James I of England
Abstract markings discovered under the floorboards of an historic aristocratic home have been identified by archaeologists as "demon traps" created to protect King James I during a visit shortly after the failure of the Gunpowder Plot.
The grids, crudely carved into wooden floorboards at National Trust property Knole in Kent, stem from a superstitious zeal that descended upon England in the aftermath of the failed 5th November, 1605 conspiracy to assassinate James I and blow up the Houses of Parliament, when conspiracies against the monarchy were rife.
The carvings, described as witchmarks, remained hidden for over 400 years and failed to surface in any historical documents, The Times
But a group of archaeologists from the Museum of London Archaeology were able to pinpoint when they were created using advanced carbon-dating methods.
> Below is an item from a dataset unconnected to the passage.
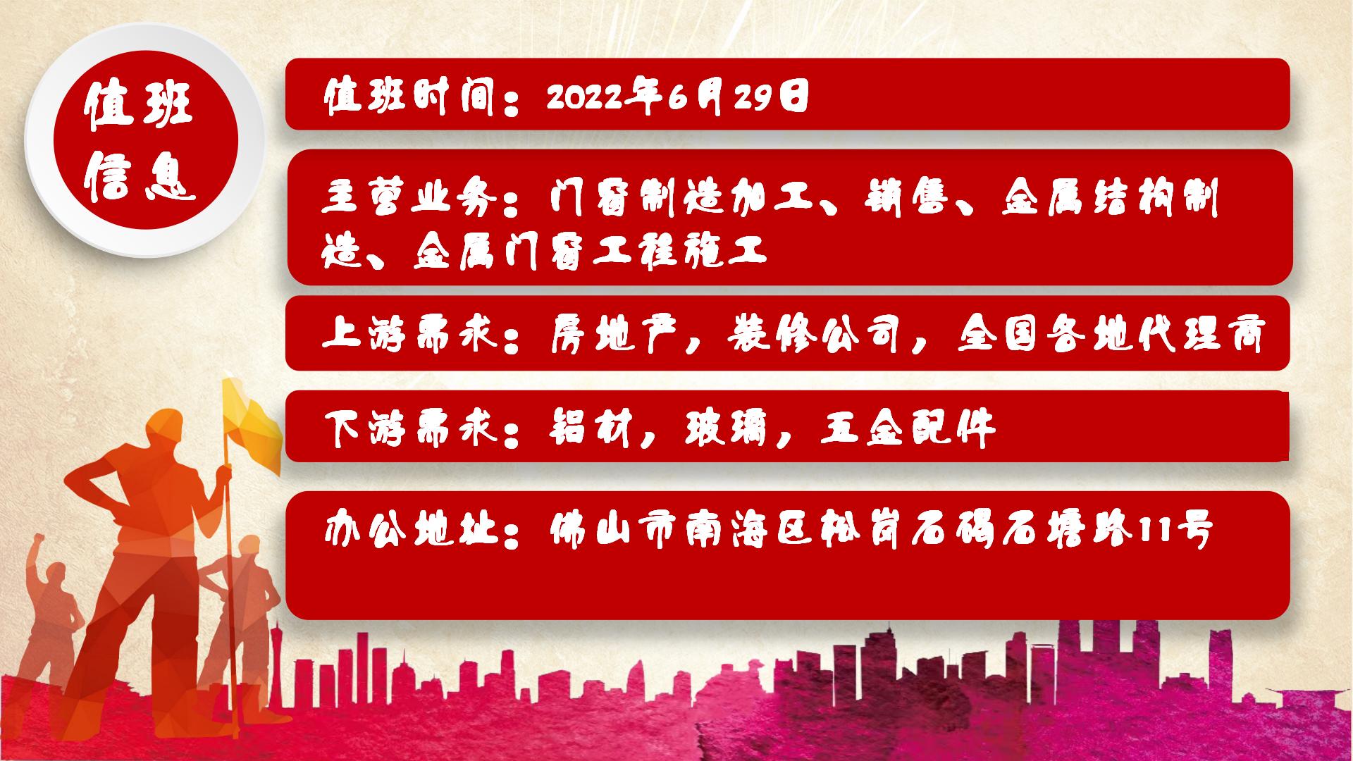 商会办公室值班时间:2022年6月29日

Careful analysis of natural patterns in the wood revealed it stemmed from timber that had been felled in the winter of 1605. The archaeologists were able to discern the planks were laid in the property as flooring while they were pliable and fresh the following spring or summer.
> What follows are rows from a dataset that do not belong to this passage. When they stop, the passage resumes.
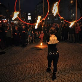 „NIGHT LIGHT“ ist eine bezaubernde Feuershow von zwei leidenschaftlichen Feuerkünstlern aus Berlin, ein geschicktes und elegantes Zusammenspiel aus Tanz und Feuerkunst.
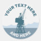 Silhouette of dockyard cargo crane. Vector icon with customisable colour. Two text fields on circle.
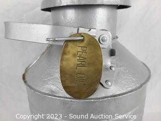 Lot Details: Been repainted silver, has a Pearl Oil brass tag. 19" H x 11" Dia.

The dates reflect a period in British history when the 1st Earl of Dorset, Thomas Sackville, enticed King James I to stay at his residence in 1606 by constructing a group of royal apartments.
An MP and Lord High Treasurer, Sackville was the nephew of executed Queen of England Anne Boleyn. Carpenters, in full knowledge they were constructing a bedroom for a monarch, strove to protect James I by carving special marks they believed would serve as talismans.